» **Task brief**: Restate each line below word for word, skipping every picture.

» **Exercise data**:
********

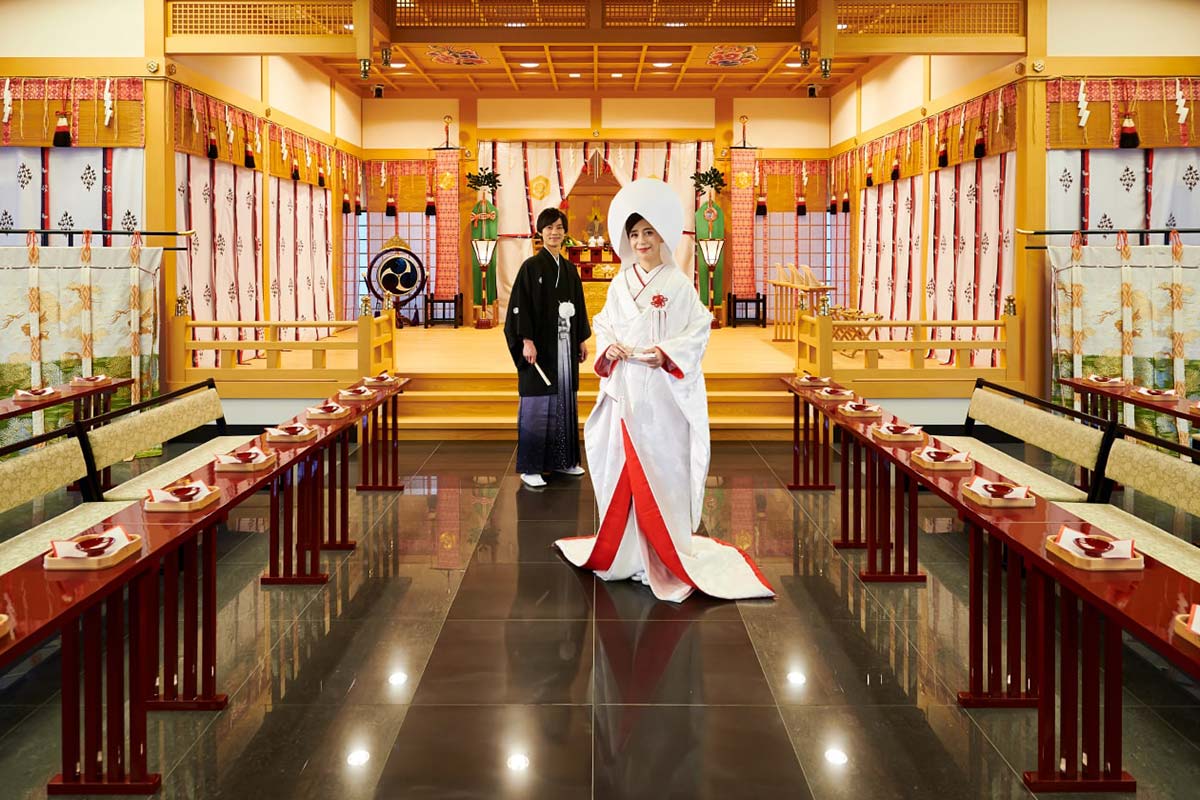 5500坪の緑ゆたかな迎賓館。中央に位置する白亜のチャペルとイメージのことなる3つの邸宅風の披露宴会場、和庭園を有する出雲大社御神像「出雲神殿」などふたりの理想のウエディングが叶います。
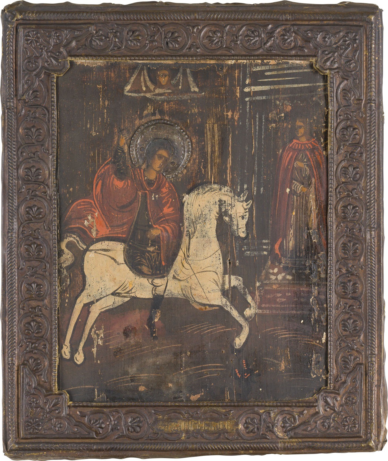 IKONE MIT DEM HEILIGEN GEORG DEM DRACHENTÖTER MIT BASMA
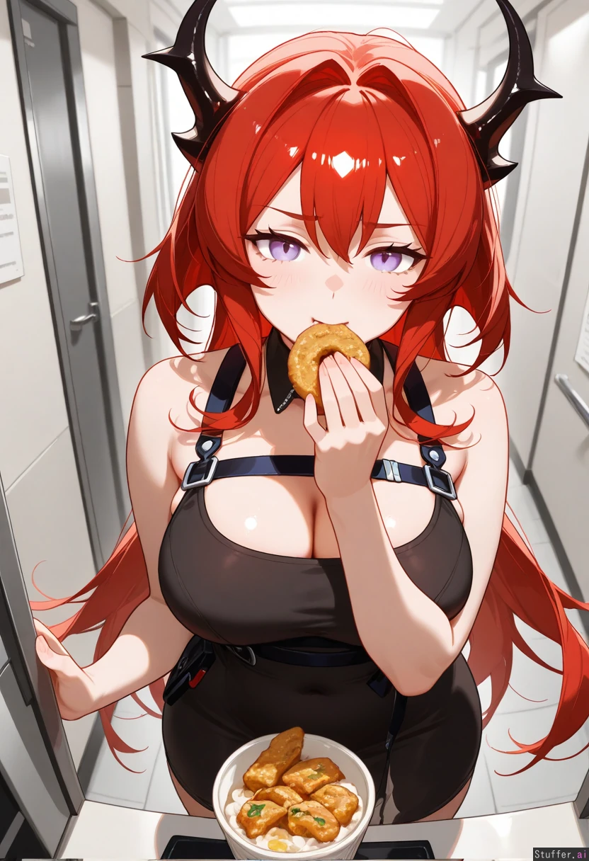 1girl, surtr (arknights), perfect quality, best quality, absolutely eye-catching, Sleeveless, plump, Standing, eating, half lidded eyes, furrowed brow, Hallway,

********

» **Reply**:
 5500坪の緑ゆたかな迎賓館。中央に位置する白亜のチャペルとイメージのことなる3つの邸宅風の披露宴会場、和庭園を有する出雲大社御神像「出雲神殿」などふたりの理想のウエディングが叶います。
 IKONE MIT DEM HEILIGEN GEORG DEM DRACHENTÖTER MIT BASMA
 1girl, surtr (arknights), perfect quality, best quality, absolutely eye-catching, Sleeveless, plump, Standing, eating, half lidded eyes, furrowed brow, Hallway,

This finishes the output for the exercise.